Opinion: The benefits of genetically modified organisms

  • Much of the criticism of GMOs is ill-informed
  • Recent advances offer hope for huge benefits
  • Regulation must be toned down for such solutions to be fully exploited

This opinion was written by Dr. Therese Liechtenstein and Dr. Henry I. Miller

The issue of so-called “genetically modified organisms,” or GMOs, is frequently in the news and the subject of controversy. Perhaps pseudo-controversy is a better term, because much of the criticism is gratuitous and ill-informed. Genetic modification is by no means new; in fact, over the course of human history we have continuously genetically modified animals and plants through selection and breeding to enhance their desirable characteristics. Humans have invented increasingly sophisticated techniques, particularly since the discovery that all higher organisms have the same carrier of genetic information, the double-stranded helix of DNA.

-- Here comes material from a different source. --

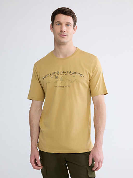 Bisiklet Yaka Bask?l? Penye Erkek Ti??rt

Since the advent in the 1970s of recombinant DNA technology, which enables segments of DNA to be moved readily and more precisely from one organism to another, molecular genetic engineering techniques have become ever more sophisticated, precise and predictable. This evolution has now culminated in the most recent discoveries, the CRISPR-Cas9 system and base editing.

CRISPR (short for Clustered Regularly Interspaced Short Palindromic Repeats) is a natural defense system that a range of bacteria use against invading viruses. CRISPR can recognize specific DNA sequences, while the enzyme Cas9 cuts the DNA at the recognized sequence. As often happens in science – and reminiscent of mutagenesis a century ago and recombinant DNA technology in the 1970s – molecular biologists and genetic engineers quickly copied and adapted the naturally occurring system. Using CRISPR-Cas9, scientists can target and edit DNA at precise locations, deleting, inserting or modifying genes in microorganisms, plants and animals, including humans. CRISPR-Cas9 is cheaper, faster, easier, more precise and more predictable than its genetic engineering predecessors, and scientists are continuously improving the technique, its predictability and safety.

Genetic revolution

CRISPR-Cas9 presages a revolution in agriculture and human medicine because it is so much more precise and predictable than earlier techniques. Precision and predictability are important to ensure that the results are safe and achieve their desired ends. There are notable historical examples of older, pre-molecular techniques of genetic modification in agriculture that turned out to be missteps. Examples include the Lenape potato, which contained elevated, harmful levels of a plant alkaloid; the creation of hyper-aggressive Africanized honeybees by crossbreeding African and European species in the 1950s; and inadvertently making some varieties of corn in the United States more susceptible to the Southern Corn Leaf Blight fungus, which resulted in significant crop losses in 1970.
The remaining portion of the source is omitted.